However, certain lease rental restrictions apply, depending on your car’s CO2 exhaust emissions.
The lease rental restriction bands
- If your car has CO2 emissions of 130g/km or less, 100% of the lease costs can be offset against taxable income.
- Business cars with emissions of 131g/km or more have a 15% restriction (ie only 85% is claimable against taxable income).
How do the lease rental restrictions apply to the self-employed?
For sole traders and partnerships, the same restrictions apply minus any private element – usually about 20% (HMRC will want to see detailed records if you are claiming for more.

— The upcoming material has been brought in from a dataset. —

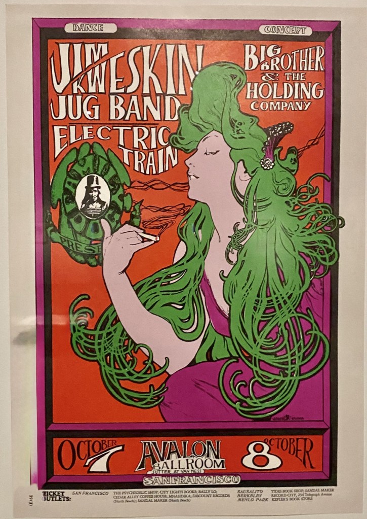 1966 poster by Stanley Mouse and Alton Kelley for a San Francisco concert headlining the Jim Kweskin Jug Band and Big Brother and the Holding Company.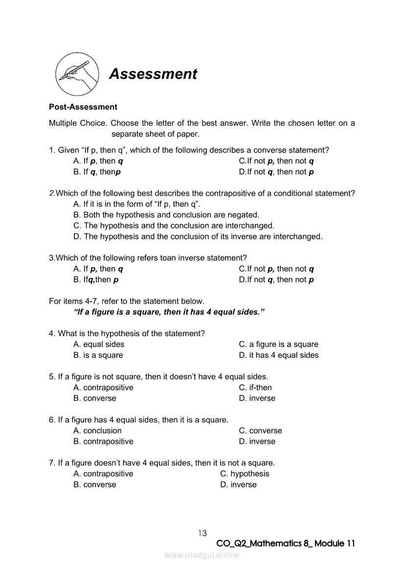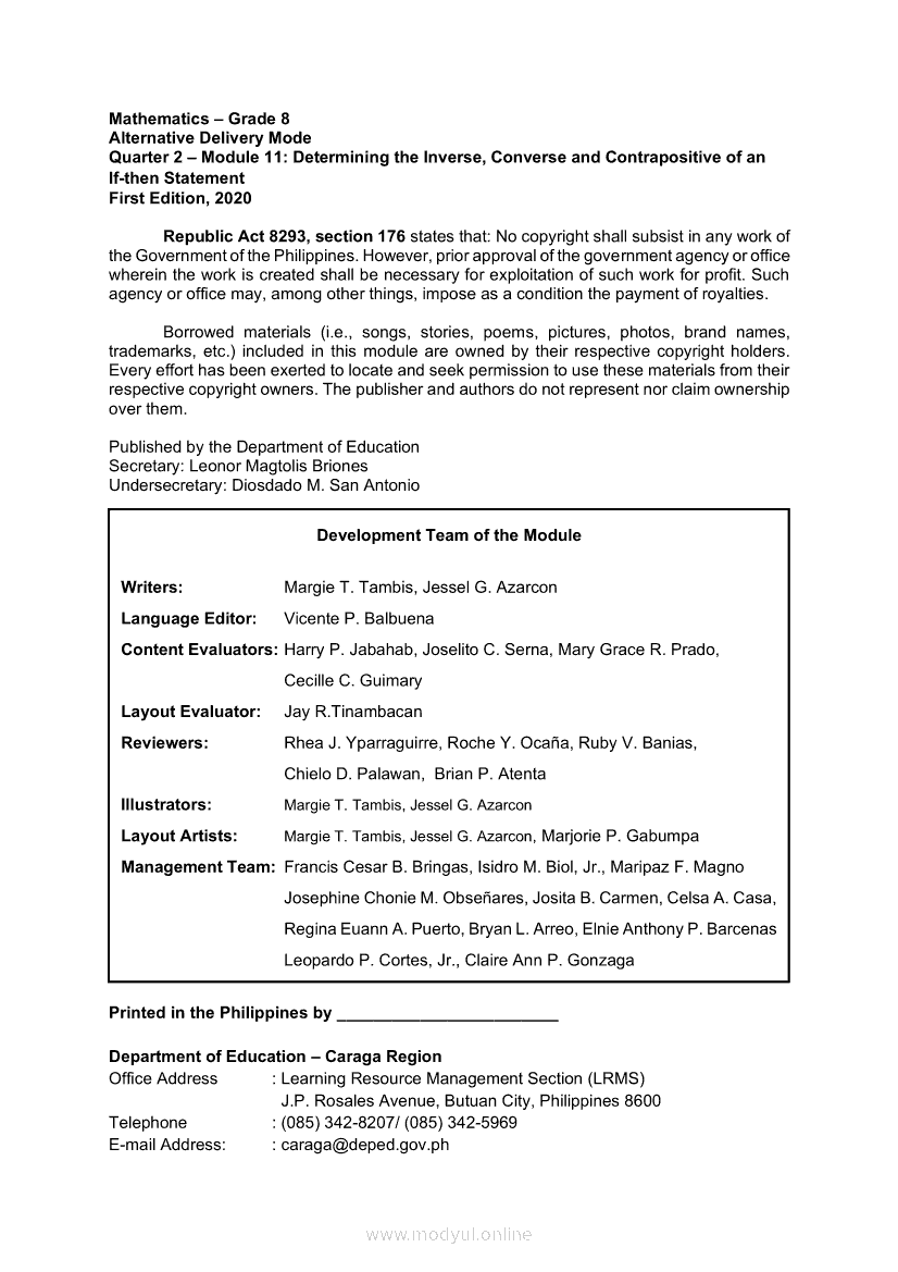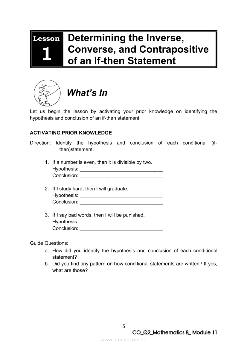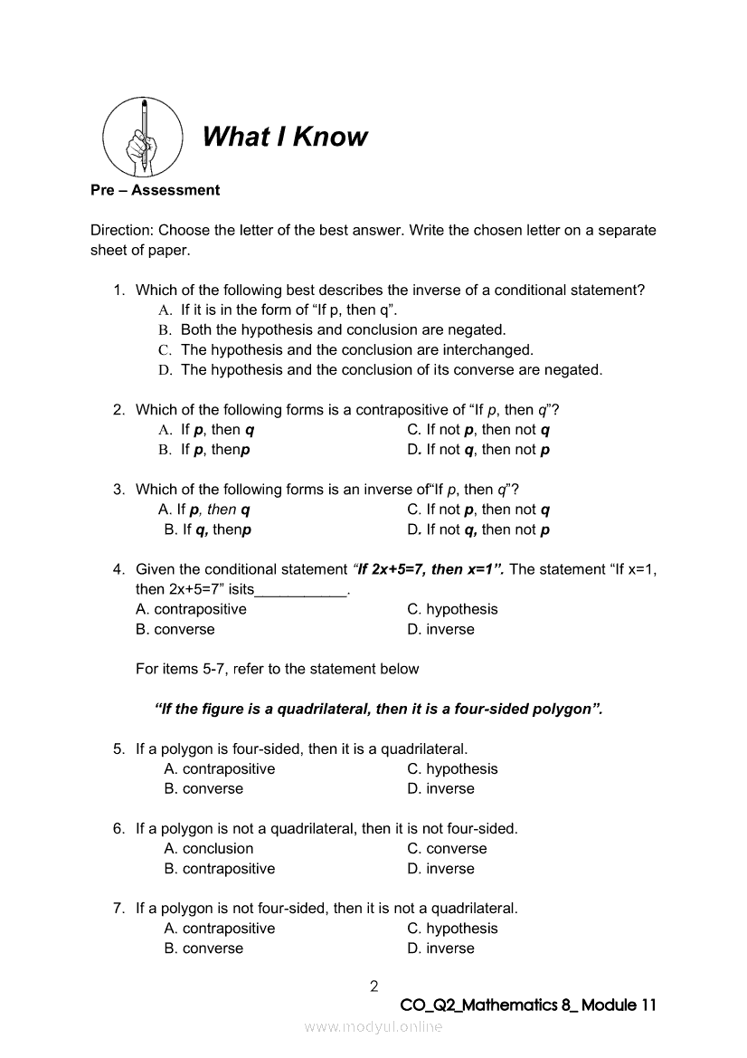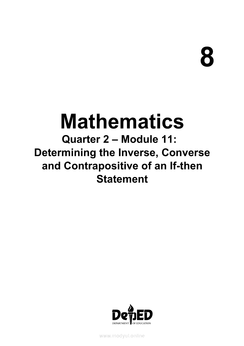 Math 8 Quarter 2 – Module 11: Determining the Inverse, Converse and Contrapositive of an If-then StatementApr 22, 2021 Grade 8Xiaomi Redmi Watch 5 Active 2inch LCD Display Clear Calling 5ATM Waterproof Smart Watch for only ₱3,999 ₱1,200!. Math 8RelatedMATHEMATICS Quarter 4 – Module 4 Properties of Parallel Lines Cut by a TransversalMATHEMATICS Quarter 4 – Module 2 Theorems on Triangle InequalitiesMATHEMATICS Quarter 4 - Module 5 Parallel Lines and Perpendicular LinesMATHEMATICS Quarter 4 - Module 3 Proving Inequalities in a TriangleMATHEMATICS Quarter 4 – Module 1 Inequalities in Triangles

How does this work in practice? For example, if 20% of your motoring is private, then 80% of the business car lease rental can be set against tax if the car has CO2 emissions below 130g/km.
So if your personal contract hire lease was £250 a month, then you would reduce the £250 figure by 20% = £200, which would be the amount you could offset against taxable income. As long, of course, as the car was below 130g/km CO2.
The current system for calculating car lease rental restrictions has been in place since March 2009; it replaced the expensive car leasing disallowance – a complicated formula which the current system happily simplifies.
The lease rental restriction applies to the lease plus any blocked VAT – the ‘effective rental’ as it is sometimes called in the industry.
That means for most businesses, 50% of the VAT cannot be claimed since there is a private use element of the car.
Lease rental restriction only apply to cars; they do not apply to vans.
Lease rental restrictions – be prepared for future changes
- The current lease rental allowances will change from April 2018.